SnackOnAI Engineering | Senior AI Systems Researcher | Technical Deep Dive | April 26, 2026
Every developer who has tried to run a local LLM from scratch has hit the same wall: GGUF files to find, quantization formats to decode, GPU offloading flags to tune, chat templates to configure manually, and a llama.cpp binary that requires cmake to compile with CUDA support. The first three hours are not inference. They are archaeology. Ollama exists to eliminate that wall entirely. One command installs it. One command pulls a model. One command starts a local API server that your existing OpenAI-compatible code can call with a URL change.
This newsletter dissects Ollama not as a beginner tool but as an engineered system: what the Go server layer actually does, how the GGUF-based layer offloading scheduler works, what the OLLAMA_NUM_PARALLEL and OLLAMA_MAX_LOADED_MODELS environment variables expose about its concurrency model, and where the benchmarks from arXiv:2511.05502 and arXiv:2511.07425 show it trading throughput for ergonomics.
Scope: Ollama's architecture, GGUF format, quantization selection (informed by arXiv:2601.14277), performance on Apple Silicon and single-board computers, and its real tradeoffs vs. llama.cpp directly. Not covered: fine-tuning, vLLM, or multimodal pipelines beyond Ollama's built-in vision support.
What It Actually Does
Ollama is a local LLM runtime with 162,000 GitHub stars and 14,600 forks. Written in Go, it wraps llama.cpp's inference engine behind a model management layer modeled explicitly on Docker's workflow: ollama pull, ollama run, ollama ps, ollama rm. Every model is a versioned artifact with a content-addressed blob store. The server exposes an OpenAI-compatible REST API on port 11434 by default.

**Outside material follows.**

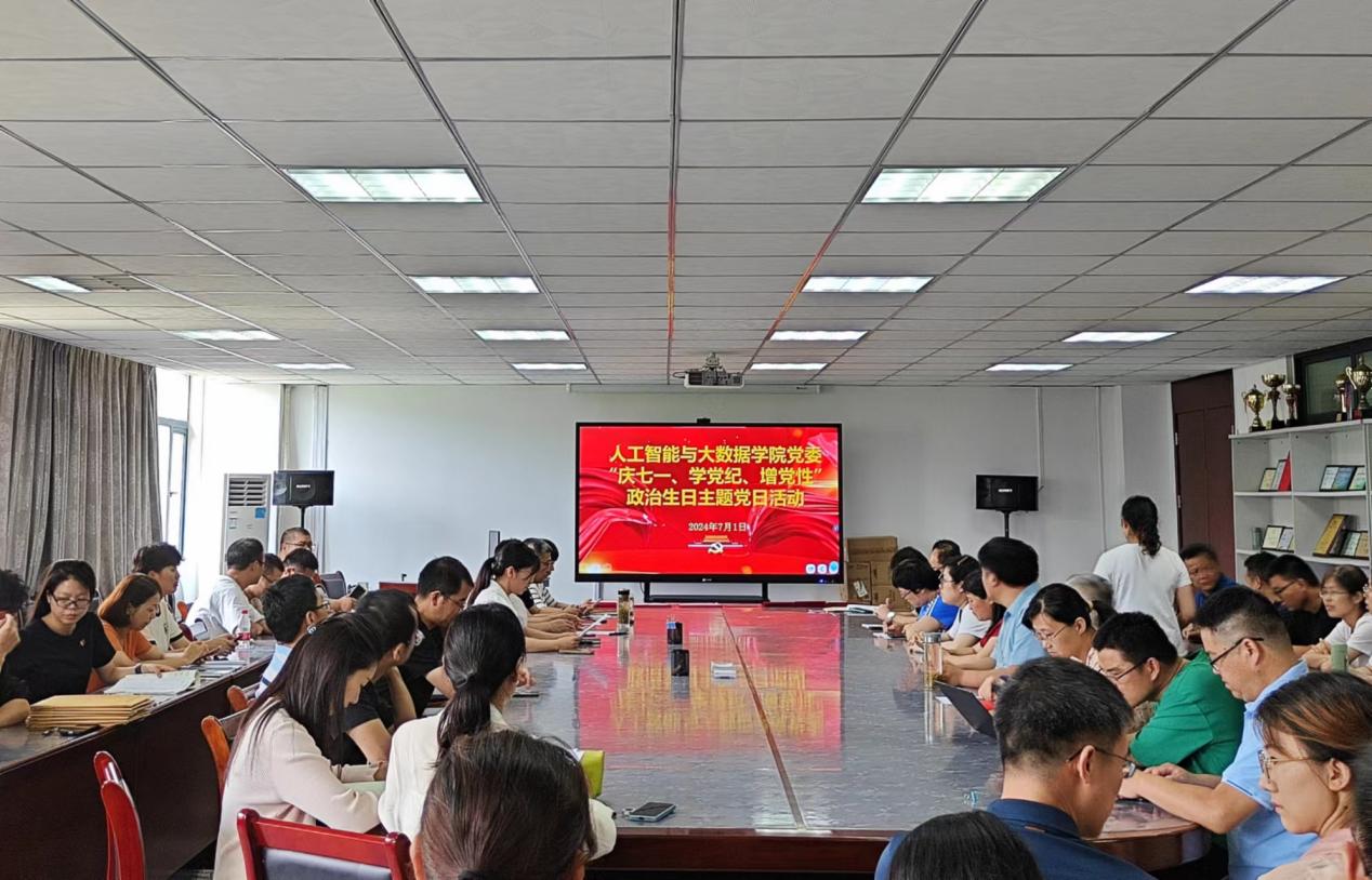 為慶祝中國(guó)共產(chǎn)黨成立103周年,深入開展黨紀(jì)學(xué)習(xí)教育,進(jìn)一步提升黨員對(duì)組織的歸屬感和政治榮譽(yù)感,近期,人工智能與大數(shù)據(jù)學(xué)院黨委精心組織了“慶七一、學(xué)黨紀(jì)、增黨性”的“七個(gè)一”系列活動(dòng)。并于7月1日下午,在36-305召開了學(xué)院全體教工黨員和學(xué)生黨員代表參加的其中“四個(gè)一”活動(dòng)。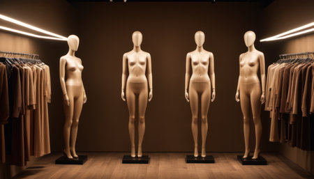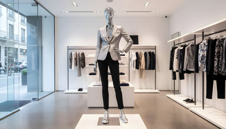 Modern and minimalist clothing store interior with a mannequin display

What Ollama is not: it is not a high-throughput serving engine. Under its Go HTTP layer, every inference request passes to a llama.cpp subprocess (or the newer Ollama engine subprocess when OLLAMA_NEW_ENGINE=1 is set). That subprocess does the actual tensor computation via GGML on whatever hardware is available: CUDA, Metal, Vulkan, ROCm, or CPU. The Go layer handles scheduling, model lifecycle, GPU memory estimation, and the OpenAI API translation.
A 2025 benchmark on Apple Silicon (arXiv:2511.05502) across MLX, MLC-LLM, Ollama, llama.cpp, and PyTorch MPS using Qwen-2.5 across prompts from a few hundred to 100K tokens found:
MLX achieves the highest sustained generation throughput
MLC-LLM delivers the lowest time-to-first-token for moderate prompt sizes
llama.cpp is the most efficient for single-stream use
Ollama "emphasizes developer ergonomics but lags in throughput and TTFT"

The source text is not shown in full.